OK. So, there’s the lowest level WebSocket, the subsequent LeapInterface, the enclosing LeapScape, and finally the Gesture Handler. Pulling it all together in a little demo program, you get:

local Runtime = require("Runtime");
local LeapScape = require ("LeapScape");
local GestureHandler = require("GestureHandler");

local printDict = function(dict)
	for k,v in pairs(dict) do
		print(k,v)
	end
end

local OnSwipeBegin = function(gesture)
	local p = gesture.position;
	print("============")
	print("SWIPE BEGIN: ", p[1], p[2], p[3])
end

local OnSwipeEnd = function(gesture)
	local p = gesture.position;
	local d = gesture.direction;

	print("SWIPE END: ", p[1], p[2], p[3]);
	print("Direction: ", d[1], d[2], d[3]);
	print("Speed: ", gesture.speed);
end

local OnCircleBegin = function(gesture)
	local p = gesture.position;
	print("============")
	print("CIRCLE BEGIN: ")
end

local OnCircling = function(gesture)
	local n = gesture.normal;
	local direction = "ccw";
	if n[1] <0 and n[3] < 0 then
		direction = "cw"
	end

	print(string.format("CIRCLING: %f %s", gesture.progress, direction));
	--printDict(gesture);
end

local OnCircleEnd = function(gesture)
  local c = gesture.center;
  print(string.format("CIRCLE END: %f [%f, %f, %f]", gesture.radius, c[1], c[2], c[3]));
end

local OnScreenTap = function(gesture)
  local p = gesture.position;
  print("SCREEN TAP: ", p[1], p[2], p[3]);
end

local OnKeyTap = function(gesture)
  local p = gesture.position;
  print("KEY TAP: ", p[1], p[2], p[3]);
end

local main = function()
  local scape = LeapScape();
  local ghandler = GestureHandler();

  -- Swipes
  --ghandler.OnSwipeEnd = OnSwipeEnd;
  --ghandler.OnSwipeBegin = OnSwipeBegin;

  -- Circles
  ghandler.OnCircleBegin = OnCircleBegin;
  ghandler.OnCircling = OnCircling;
  ghandler.OnCircleEnd = OnCircleEnd;

  -- Taps
  --ghandler.OnKeyTap = OnKeyTap;
  --ghandler.OnScreenTap = OnScreenTap;

  scape.GestureHandler = ghandler;

  spawn(scape.Start, scape)
end

run(main);

In this particular case, I’m just tracking the ‘circle’ gesture. If you were doing a real application, you would probably tie this circle gesture to something meaningful in the application, like turning a knob perhaps, or rotating something one way or the other. Notice that within ‘main’, at the very end, the scape.Start routine is spawned. That means that it will run in parallel to any other spawned fibers running in the application, including things like network communications and UI.

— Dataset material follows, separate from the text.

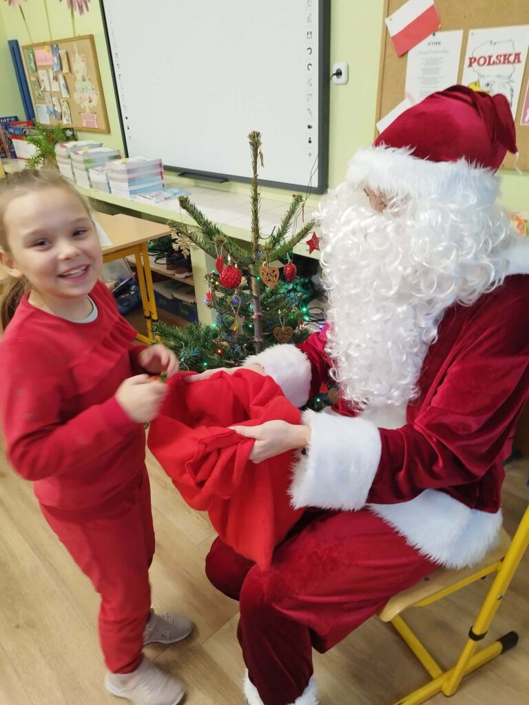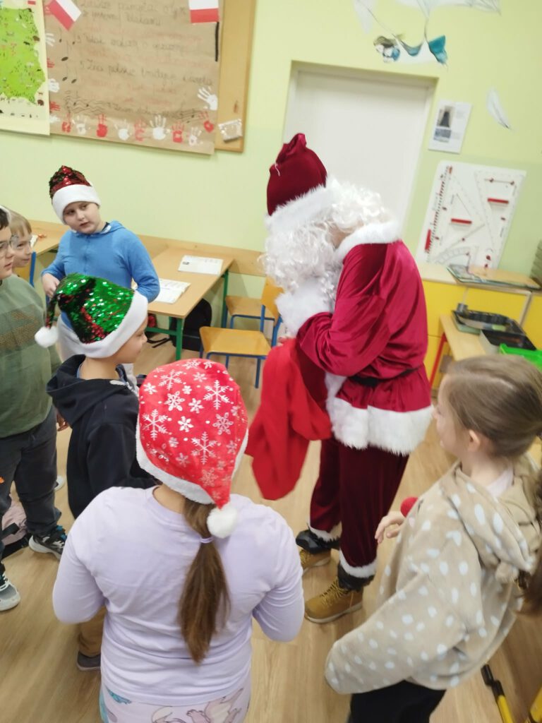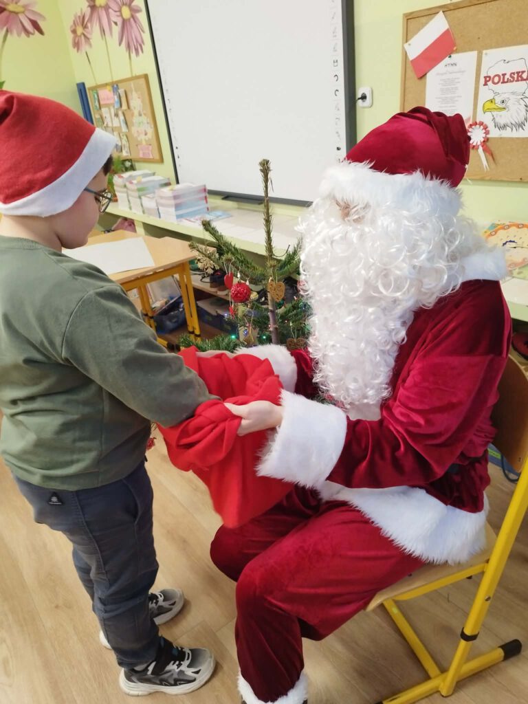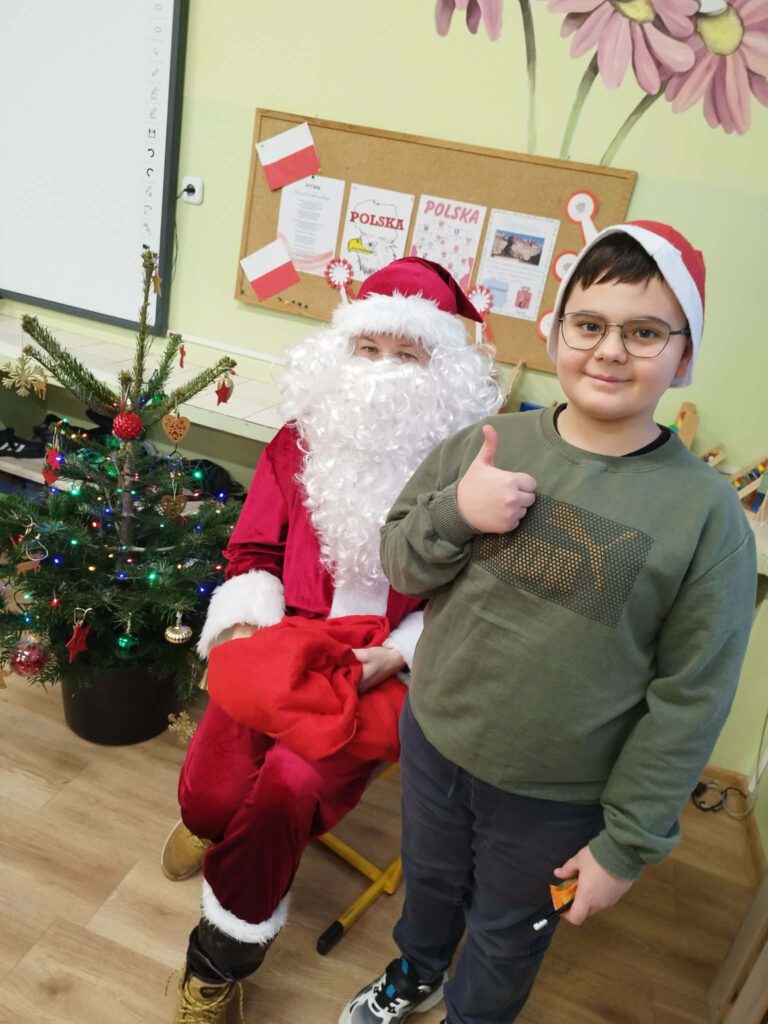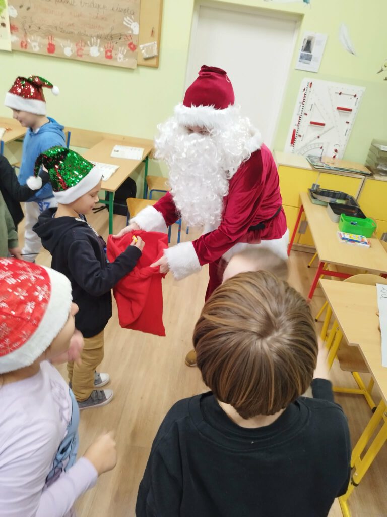 W piątek, 5 grudnia 2025 r., uczniowie klasy 2d wspólnie udekorowali świąteczne drzewko, wprowadzając do sali wyjątkową, bożonarodzeniową atmosferę. Kiedy choinka była już gotowa, dzieci spotkała nieoczekiwana niespodzianka – odwiedził je sam święty Mikołaj! Mikołaj wręczył uczniom słodkie upominki, a w klasie panowała radosna i pełna uśmiechów atmosfera. Był to wyjątkowy, pełen magii dzień, który na długo pozostanie w pamięci dzieci.
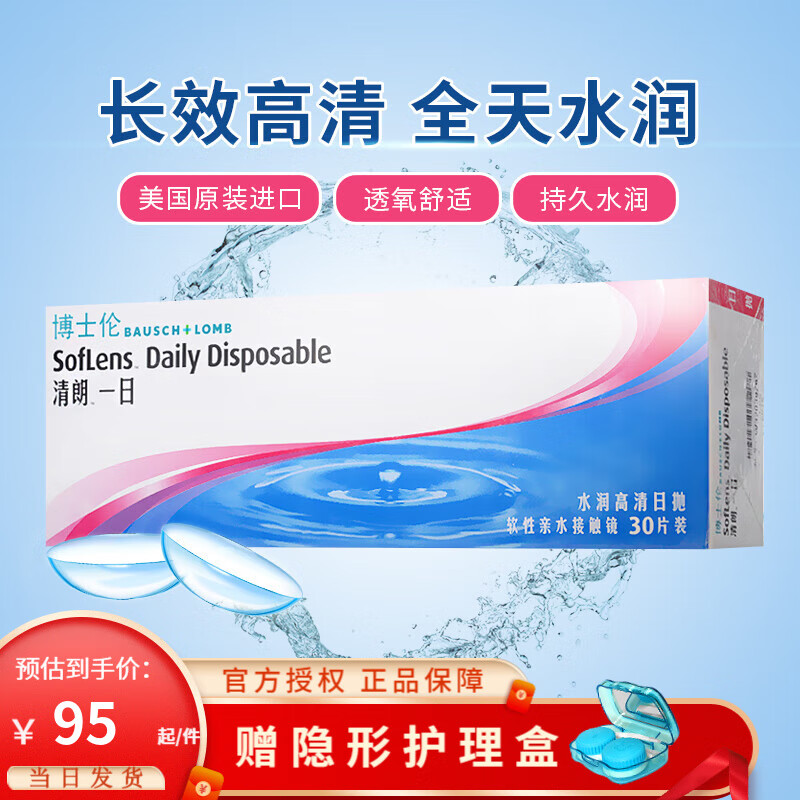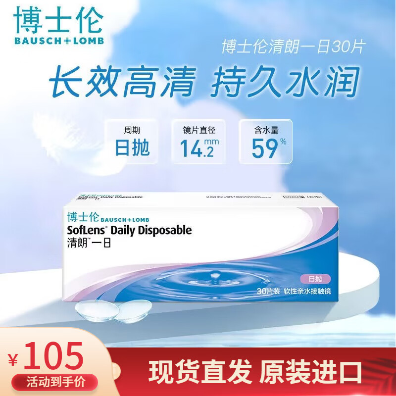 博士伦隐形眼镜日抛 清朗一日日抛30片装 透明片近视镜高光度隐形眼镜 100度

The Leap Motion is a nifty device. It presents quite a lot of information to the programmer. Having a fairly simple websocket based interface available makes it relatively easy to do programming with it. I did not require a ‘C’ interface in the end, but just did whatever I wanted with the raw information provided.